(Data provided)

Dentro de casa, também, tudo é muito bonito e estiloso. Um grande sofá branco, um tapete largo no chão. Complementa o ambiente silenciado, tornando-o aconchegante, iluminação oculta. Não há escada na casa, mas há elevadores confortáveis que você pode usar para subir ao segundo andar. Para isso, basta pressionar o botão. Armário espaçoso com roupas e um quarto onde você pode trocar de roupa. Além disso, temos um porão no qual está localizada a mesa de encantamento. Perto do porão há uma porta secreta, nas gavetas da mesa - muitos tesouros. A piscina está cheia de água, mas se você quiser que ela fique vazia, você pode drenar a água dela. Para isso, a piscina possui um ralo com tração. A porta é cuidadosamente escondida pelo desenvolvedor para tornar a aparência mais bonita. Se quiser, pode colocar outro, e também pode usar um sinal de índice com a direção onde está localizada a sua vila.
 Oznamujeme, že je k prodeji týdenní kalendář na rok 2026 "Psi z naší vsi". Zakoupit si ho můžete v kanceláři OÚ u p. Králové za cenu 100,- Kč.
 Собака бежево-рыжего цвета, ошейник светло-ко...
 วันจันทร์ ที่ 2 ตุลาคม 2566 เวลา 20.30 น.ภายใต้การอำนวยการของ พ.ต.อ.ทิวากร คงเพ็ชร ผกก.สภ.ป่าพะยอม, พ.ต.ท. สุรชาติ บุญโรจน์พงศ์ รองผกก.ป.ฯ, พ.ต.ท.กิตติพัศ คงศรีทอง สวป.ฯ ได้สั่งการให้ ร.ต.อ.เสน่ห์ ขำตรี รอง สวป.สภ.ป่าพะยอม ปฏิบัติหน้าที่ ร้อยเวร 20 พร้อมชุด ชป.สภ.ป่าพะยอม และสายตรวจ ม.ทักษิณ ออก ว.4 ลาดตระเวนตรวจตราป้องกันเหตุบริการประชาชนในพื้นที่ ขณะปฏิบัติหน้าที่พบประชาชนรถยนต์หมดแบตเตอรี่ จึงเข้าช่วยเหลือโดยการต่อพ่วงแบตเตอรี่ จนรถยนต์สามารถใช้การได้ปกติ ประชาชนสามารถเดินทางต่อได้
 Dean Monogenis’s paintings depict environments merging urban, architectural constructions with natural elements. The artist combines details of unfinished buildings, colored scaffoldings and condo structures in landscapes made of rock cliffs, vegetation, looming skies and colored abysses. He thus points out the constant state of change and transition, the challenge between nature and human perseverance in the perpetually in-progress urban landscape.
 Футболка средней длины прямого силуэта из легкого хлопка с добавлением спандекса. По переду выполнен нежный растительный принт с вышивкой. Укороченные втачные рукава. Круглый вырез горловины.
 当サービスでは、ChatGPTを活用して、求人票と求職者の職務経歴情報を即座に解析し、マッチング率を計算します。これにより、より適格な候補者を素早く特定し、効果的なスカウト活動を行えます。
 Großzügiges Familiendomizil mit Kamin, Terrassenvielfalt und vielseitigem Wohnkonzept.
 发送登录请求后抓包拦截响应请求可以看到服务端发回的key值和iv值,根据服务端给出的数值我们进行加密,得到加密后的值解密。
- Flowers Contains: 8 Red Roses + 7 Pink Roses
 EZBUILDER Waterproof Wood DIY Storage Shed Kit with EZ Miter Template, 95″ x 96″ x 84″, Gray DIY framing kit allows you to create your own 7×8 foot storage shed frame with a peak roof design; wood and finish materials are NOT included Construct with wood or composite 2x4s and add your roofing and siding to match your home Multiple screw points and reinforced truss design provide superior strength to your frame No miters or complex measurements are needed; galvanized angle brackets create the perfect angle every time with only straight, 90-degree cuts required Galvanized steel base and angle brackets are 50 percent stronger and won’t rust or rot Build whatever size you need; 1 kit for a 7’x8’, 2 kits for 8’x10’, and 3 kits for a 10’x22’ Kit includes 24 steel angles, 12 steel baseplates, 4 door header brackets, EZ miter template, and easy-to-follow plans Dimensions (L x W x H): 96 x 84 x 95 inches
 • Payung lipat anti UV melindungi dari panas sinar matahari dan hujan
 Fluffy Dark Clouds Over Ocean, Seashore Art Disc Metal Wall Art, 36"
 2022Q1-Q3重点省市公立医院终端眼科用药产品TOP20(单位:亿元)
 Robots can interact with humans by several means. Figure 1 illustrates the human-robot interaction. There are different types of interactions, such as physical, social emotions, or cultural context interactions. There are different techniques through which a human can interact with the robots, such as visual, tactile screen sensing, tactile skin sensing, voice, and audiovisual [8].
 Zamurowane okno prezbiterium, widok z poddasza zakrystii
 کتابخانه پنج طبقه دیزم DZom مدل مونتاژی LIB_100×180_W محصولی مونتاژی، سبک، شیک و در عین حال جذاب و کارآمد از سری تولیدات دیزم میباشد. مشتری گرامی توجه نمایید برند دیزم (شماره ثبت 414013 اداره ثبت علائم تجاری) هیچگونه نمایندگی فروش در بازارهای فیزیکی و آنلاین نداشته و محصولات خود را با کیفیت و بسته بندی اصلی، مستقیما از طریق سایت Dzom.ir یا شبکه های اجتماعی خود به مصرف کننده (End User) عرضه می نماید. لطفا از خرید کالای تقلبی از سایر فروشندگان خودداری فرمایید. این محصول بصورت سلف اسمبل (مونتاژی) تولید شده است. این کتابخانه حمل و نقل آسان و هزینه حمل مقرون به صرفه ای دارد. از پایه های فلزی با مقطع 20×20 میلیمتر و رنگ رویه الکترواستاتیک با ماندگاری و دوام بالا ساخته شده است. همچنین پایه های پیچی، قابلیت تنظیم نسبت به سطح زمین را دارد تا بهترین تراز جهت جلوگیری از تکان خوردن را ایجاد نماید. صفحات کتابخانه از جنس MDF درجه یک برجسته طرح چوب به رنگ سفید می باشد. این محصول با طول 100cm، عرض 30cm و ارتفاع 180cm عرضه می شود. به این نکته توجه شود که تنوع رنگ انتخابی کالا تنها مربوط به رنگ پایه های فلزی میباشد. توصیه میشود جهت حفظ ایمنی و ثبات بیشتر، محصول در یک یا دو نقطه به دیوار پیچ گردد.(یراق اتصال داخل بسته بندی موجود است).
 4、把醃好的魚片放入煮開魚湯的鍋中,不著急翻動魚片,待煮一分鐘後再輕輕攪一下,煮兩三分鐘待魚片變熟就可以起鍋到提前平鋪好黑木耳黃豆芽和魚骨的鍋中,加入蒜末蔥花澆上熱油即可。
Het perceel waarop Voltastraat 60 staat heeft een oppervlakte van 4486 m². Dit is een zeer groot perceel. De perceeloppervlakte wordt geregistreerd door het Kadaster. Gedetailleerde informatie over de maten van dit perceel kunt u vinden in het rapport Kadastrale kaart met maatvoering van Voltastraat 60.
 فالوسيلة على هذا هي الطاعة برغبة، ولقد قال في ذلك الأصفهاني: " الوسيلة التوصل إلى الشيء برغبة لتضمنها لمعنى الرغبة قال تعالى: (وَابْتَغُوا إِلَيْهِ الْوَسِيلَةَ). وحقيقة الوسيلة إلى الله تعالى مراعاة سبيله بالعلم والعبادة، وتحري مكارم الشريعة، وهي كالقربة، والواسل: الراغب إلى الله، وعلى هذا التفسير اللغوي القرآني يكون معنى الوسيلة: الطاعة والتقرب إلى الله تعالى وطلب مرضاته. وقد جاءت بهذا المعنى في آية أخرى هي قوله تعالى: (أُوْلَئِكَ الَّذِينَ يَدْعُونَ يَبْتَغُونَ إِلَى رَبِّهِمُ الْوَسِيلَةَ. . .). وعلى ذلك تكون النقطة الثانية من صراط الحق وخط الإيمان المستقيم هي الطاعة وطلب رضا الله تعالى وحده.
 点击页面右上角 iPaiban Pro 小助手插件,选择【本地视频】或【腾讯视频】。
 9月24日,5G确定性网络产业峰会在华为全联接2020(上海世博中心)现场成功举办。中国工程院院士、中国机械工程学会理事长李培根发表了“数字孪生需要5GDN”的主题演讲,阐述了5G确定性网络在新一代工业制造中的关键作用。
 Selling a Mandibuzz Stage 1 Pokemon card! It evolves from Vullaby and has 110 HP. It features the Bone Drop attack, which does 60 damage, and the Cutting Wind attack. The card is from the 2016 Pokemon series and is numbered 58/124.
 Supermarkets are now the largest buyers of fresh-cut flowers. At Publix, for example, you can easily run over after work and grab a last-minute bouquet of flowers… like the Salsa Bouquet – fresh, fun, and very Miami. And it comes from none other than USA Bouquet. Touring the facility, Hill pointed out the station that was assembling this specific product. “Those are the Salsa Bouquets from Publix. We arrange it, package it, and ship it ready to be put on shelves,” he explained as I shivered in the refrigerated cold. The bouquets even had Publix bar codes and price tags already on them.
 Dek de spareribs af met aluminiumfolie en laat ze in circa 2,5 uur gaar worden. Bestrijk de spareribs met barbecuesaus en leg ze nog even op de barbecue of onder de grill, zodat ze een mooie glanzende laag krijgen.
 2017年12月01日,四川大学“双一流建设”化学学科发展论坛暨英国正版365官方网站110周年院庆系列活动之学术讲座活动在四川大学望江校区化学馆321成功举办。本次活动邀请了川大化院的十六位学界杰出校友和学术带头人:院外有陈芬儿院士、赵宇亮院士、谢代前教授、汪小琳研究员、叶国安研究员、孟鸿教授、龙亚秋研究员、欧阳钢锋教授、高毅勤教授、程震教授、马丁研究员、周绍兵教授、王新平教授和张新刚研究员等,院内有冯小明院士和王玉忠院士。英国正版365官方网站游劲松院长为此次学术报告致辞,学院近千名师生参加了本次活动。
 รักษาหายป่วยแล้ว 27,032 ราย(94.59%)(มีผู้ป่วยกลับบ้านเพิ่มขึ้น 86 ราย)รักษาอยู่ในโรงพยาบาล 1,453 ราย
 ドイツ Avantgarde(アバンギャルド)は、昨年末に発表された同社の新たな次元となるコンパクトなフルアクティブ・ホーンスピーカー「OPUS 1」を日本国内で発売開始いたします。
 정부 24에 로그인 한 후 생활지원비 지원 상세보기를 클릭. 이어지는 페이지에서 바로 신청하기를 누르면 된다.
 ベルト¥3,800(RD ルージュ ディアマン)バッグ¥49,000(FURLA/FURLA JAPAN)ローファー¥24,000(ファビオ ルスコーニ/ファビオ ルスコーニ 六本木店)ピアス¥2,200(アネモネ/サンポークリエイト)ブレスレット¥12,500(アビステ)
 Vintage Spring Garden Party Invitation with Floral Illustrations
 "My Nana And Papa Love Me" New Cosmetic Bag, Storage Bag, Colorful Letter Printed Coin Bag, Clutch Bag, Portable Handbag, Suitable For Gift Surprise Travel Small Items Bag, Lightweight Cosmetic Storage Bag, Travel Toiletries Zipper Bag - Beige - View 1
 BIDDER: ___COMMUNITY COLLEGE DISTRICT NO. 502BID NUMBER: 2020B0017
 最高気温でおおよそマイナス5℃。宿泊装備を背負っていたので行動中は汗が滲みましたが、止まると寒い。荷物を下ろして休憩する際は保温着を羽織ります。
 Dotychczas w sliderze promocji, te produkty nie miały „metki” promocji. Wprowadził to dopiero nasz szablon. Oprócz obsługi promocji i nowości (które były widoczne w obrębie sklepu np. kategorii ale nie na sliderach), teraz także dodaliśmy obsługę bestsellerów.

(End Data provided)

Reproduce exactly the entries above, limited to the lines from the one with "정부 24에 로그인 한" through the one with "最高気温でおおよそマイナス5", both included.

* Answer below
 정부 24에 로그인 한 후 생활지원비 지원 상세보기를 클릭. 이어지는 페이지에서 바로 신청하기를 누르면 된다.
 ベルト¥3,800(RD ルージュ ディアマン)バッグ¥49,000(FURLA/FURLA JAPAN)ローファー¥24,000(ファビオ ルスコーニ/ファビオ ルスコーニ 六本木店)ピアス¥2,200(アネモネ/サンポークリエイト)ブレスレット¥12,500(アビステ)
 Vintage Spring Garden Party Invitation with Floral Illustrations
 "My Nana And Papa Love Me" New Cosmetic Bag, Storage Bag, Colorful Letter Printed Coin Bag, Clutch Bag, Portable Handbag, Suitable For Gift Surprise Travel Small Items Bag, Lightweight Cosmetic Storage Bag, Travel Toiletries Zipper Bag - Beige - View 1
 BIDDER: ___COMMUNITY COLLEGE DISTRICT NO. 502BID NUMBER: 2020B0017
 最高気温でおおよそマイナス5℃。宿泊装備を背負っていたので行動中は汗が滲みましたが、止まると寒い。荷物を下ろして休憩する際は保温着を羽織ります。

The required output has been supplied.